My view is that legal claim will be resolved and upside value will be released in KDR. In reality, the discounted current value of KDR is based off this legal claim which I think will be resolved.
So why am I so bullish on KDR?
Firstly I am bullish on lithium, and I note that FOB 6% lithium prices have advanced to US$905t versus current market estimates of $700t. I believe in structural demand growth for lithium based on growth in battery demand for electronic cars etc. The tables below are from Galaxy Resources (GXY:ASX) and are a good macro summary of Electronic Vehicle (EV) growth and potential associated demand growth for lithium.
Source: Galaxy Resources
Secondly, the Earl Grey deposit is a world-class hard rock lithium deposit with the potential to be at the bottom of the lithium cost curve due to the scale of the deposit and its flay lying nature.
Source: Kidman Resources
The simple point is Earl Grey is a world-class lithium discovery. My personal view is the stock is very cheap versus its, grade, scale and potential.

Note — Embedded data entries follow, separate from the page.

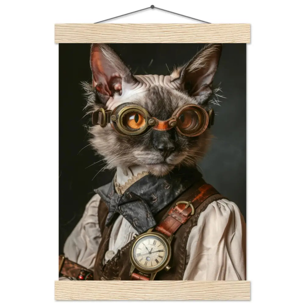 Dieses eindrucksvolle Schulposter zeigt eine weibliche Lykoi-Katze neu interpretiert als faszinierende Steampunk-Entdeckerin und verbindet geheimnisvolle Ausstrahlung mit Eleganz und zeitloser Neugier. Sie trägt eine detailreich gearbeitete braune Lederjacke mit aufwendigen Nähten und kupferfarbenen Akzenten, die dem Motiv eine zugleich raue und edle Wirkung verleihen. Eine goldfarbene Uhr im antiken Stil ruht an ihrem Hals und verleiht ihrem Erscheinungsbild nostalgischen Charakter, während retro-futuristische Schutzbrillen mit bronzefarbenen Metalldetails auf ihrem Kopf liegen und ihr den Look einer neugierigen Zeitreisenden verleihen. Elegante weiße Fellmanschetten an ihren Pfoten vollenden das Ensemble, eingebettet in einen dunklen Hintergrund, der ihre geheimnisvolle Präsenz verstärkt und den Blick auf jedes Detail lenkt.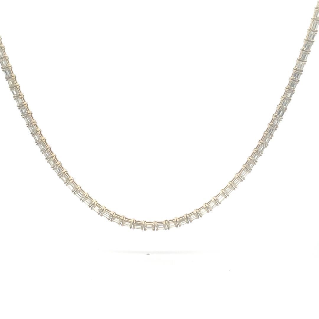 Make an unforgettable statement with this breathtaking 18KT yellow gold eternity necklace. Featuring a polished finish, basket motif, and tongue clasp with fold-under safety, this 19.5-inch necklace showcases 122 prong-set baguette cut diamonds totaling 21.41 carats, graded VS-1 to VS in clarity and H-K in color. This elegant piece is crafted to impress and elevate any formal attire.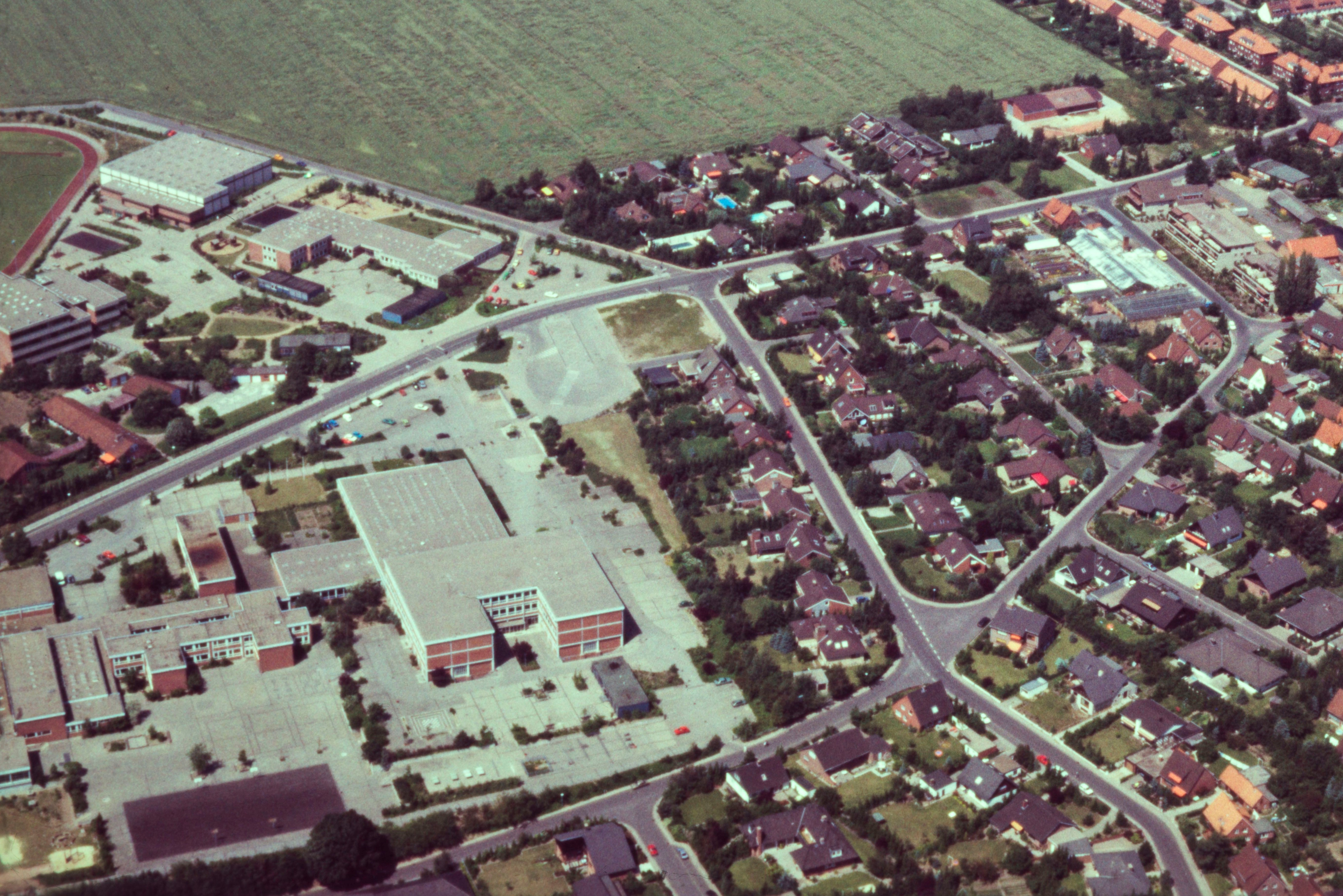 Blick auf Oedeme und das Schulzentrum im Jahr 1984

Obviously this is high risk and speculative, but my experience in mining investment suggests that the underlying resource decides the success of the investment. Remember, I was the first East Coast broker to ever recommend Fortescue (FMG) about a decade ago.
If KDR successfully settles any legal action, a view I feel is likely, then it would be fair to assume KDR would be re-rated to peer group sector valuations. In that scenario, I would be expecting to see a KDR share price above $1.00, which makes KDR at 58 cents a solid risk/reward opportunity.
To put this in context, I currently have 2% of my fund in KDR as our no.1 play on potential large scale lithium exposure, yet with the investment sized in the portfolio to represent it is highly speculative and the volatile nature of mining exploration stocks.
Anyhow, that’s my idea for the Festive Season and 2017…KDR.
These are three major de-risking events for KDR, which reduce but do not eliminate the speculative nature of the stock. My fund has further increased its investment in KDR, as these events occurred.
I’ve attached KDR’s latest presentation above, which describes the SQM JV and pathway forward from here.
I don’t want to over-complicate this today. I wanted to update you on KDR after the series of positive developments and share price rise.
My key point is, however, is that KDR specific developments, most notably the SQM JV, are more positive than we had expected. Similarly, lithium prices and peer group valuations have advanced since I wrote “I would be expecting to see a KDR share price above$1.00”.
If KDR continues to execute well and the lithium sector remains buoyant, which I see no reason to doubt, then I’d expect KDR shares to work their way up to $1.50 over the next 12-18 months.
This remains a speculative stock and that should be reflected in sizing in portfolios.
However, in my view, there remains every chance that our thesis on lithium and KDR is correct and this becomes a much larger company as it heads towards being a significant producer.